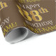 Este design de papel de embrulho apresenta uma mensagem como "FELIZ 88º ANIVERSÁRIO", com o "88º" com aparência falsa/imitação de ouro. Ele também apresenta um nome que pode ser personalizado, e um fundo castanho colorido. Talvez possa ser utilizada quando se dá presentes para o oitavo aniversário de alguém. [~Z0000133]
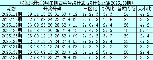 大小比分析:最近9周星期四红球大小 号开出个数比为30:24,大号红球热出,本期预计大小红球平衡出号,关注大小比3:3。
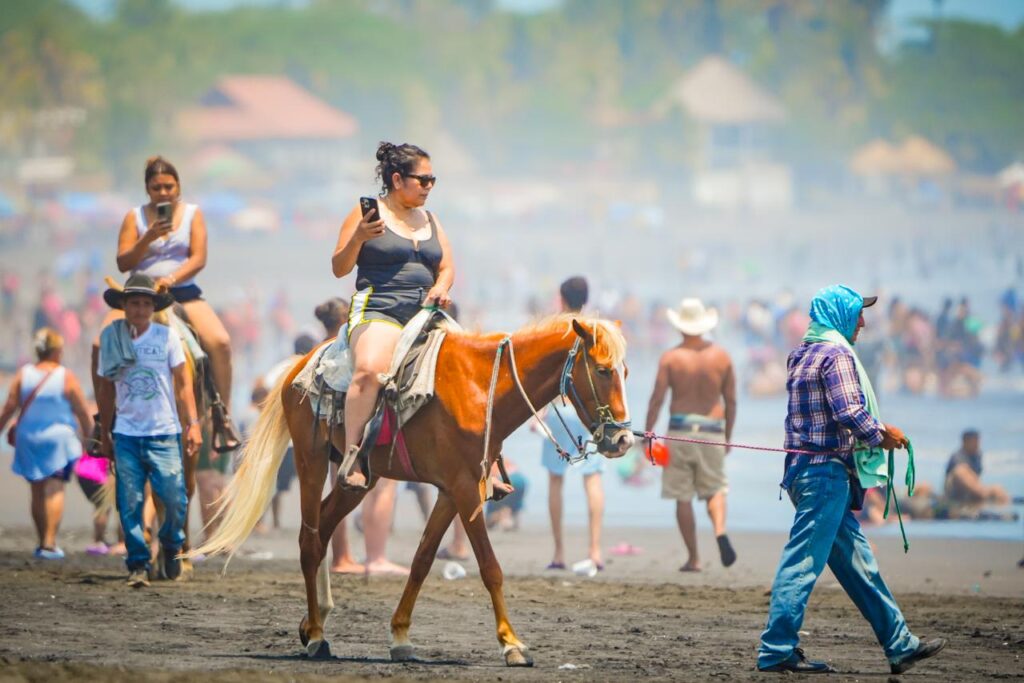 Cientos de turistas nacionales y extranjeros disfrutan del sol, la arena y el mar, en un ambiente familiar que caracteriza a este reconocido punto turístico de La Libertad Costa. Entre las principales atracciones, los visitantes pueden realizar paseos a caballo a la orilla de la playa, crear figuras en la arena o disfrutar de las olas, convirtiendo la experiencia en una opción ideal para compartir en familia.
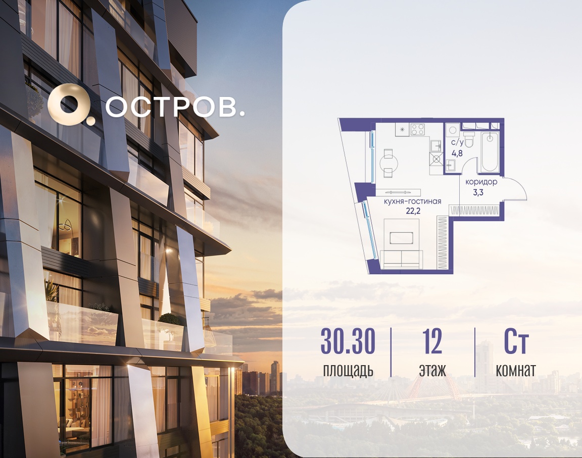 | Тип объекта | Новостройка | Комнат | 1 |
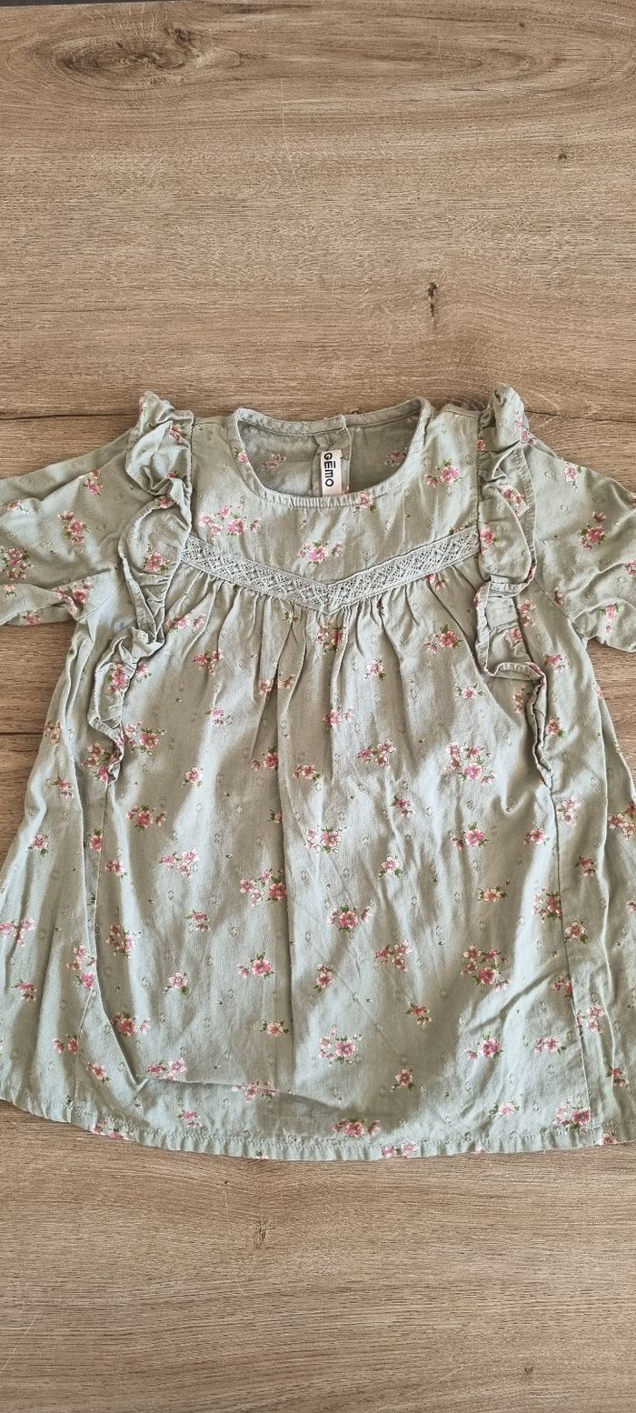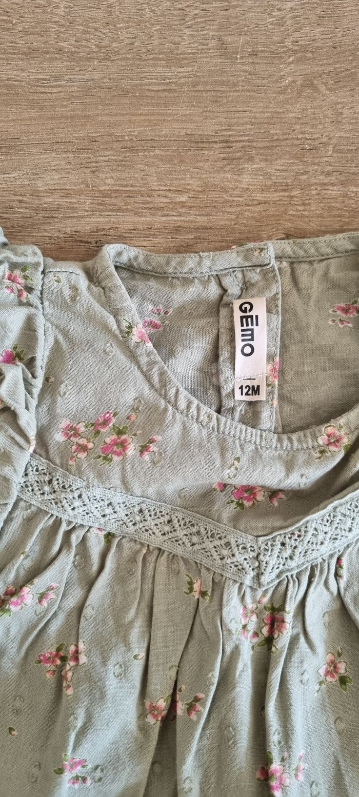 Robe à manches longues couleur kaki à motifs fleuris Gémo taille 12 mois Très bon état

***

THE TASK: Every entry should be written out word for word, except for its pictures.

ANSWER TO THE PROBLEM:
 Este design de papel de embrulho apresenta uma mensagem como "FELIZ 88º ANIVERSÁRIO", com o "88º" com aparência falsa/imitação de ouro. Ele também apresenta um nome que pode ser personalizado, e um fundo castanho colorido. Talvez possa ser utilizada quando se dá presentes para o oitavo aniversário de alguém. [~Z0000133]
 大小比分析:最近9周星期四红球大小 号开出个数比为30:24,大号红球热出,本期预计大小红球平衡出号,关注大小比3:3。
 Cientos de turistas nacionales y extranjeros disfrutan del sol, la arena y el mar, en un ambiente familiar que caracteriza a este reconocido punto turístico de La Libertad Costa. Entre las principales atracciones, los visitantes pueden realizar paseos a caballo a la orilla de la playa, crear figuras en la arena o disfrutar de las olas, convirtiendo la experiencia en una opción ideal para compartir en familia.
 | Тип объекта | Новостройка | Комнат | 1 |
 Robe à manches longues couleur kaki à motifs fleuris Gémo taille 12 mois Très bon état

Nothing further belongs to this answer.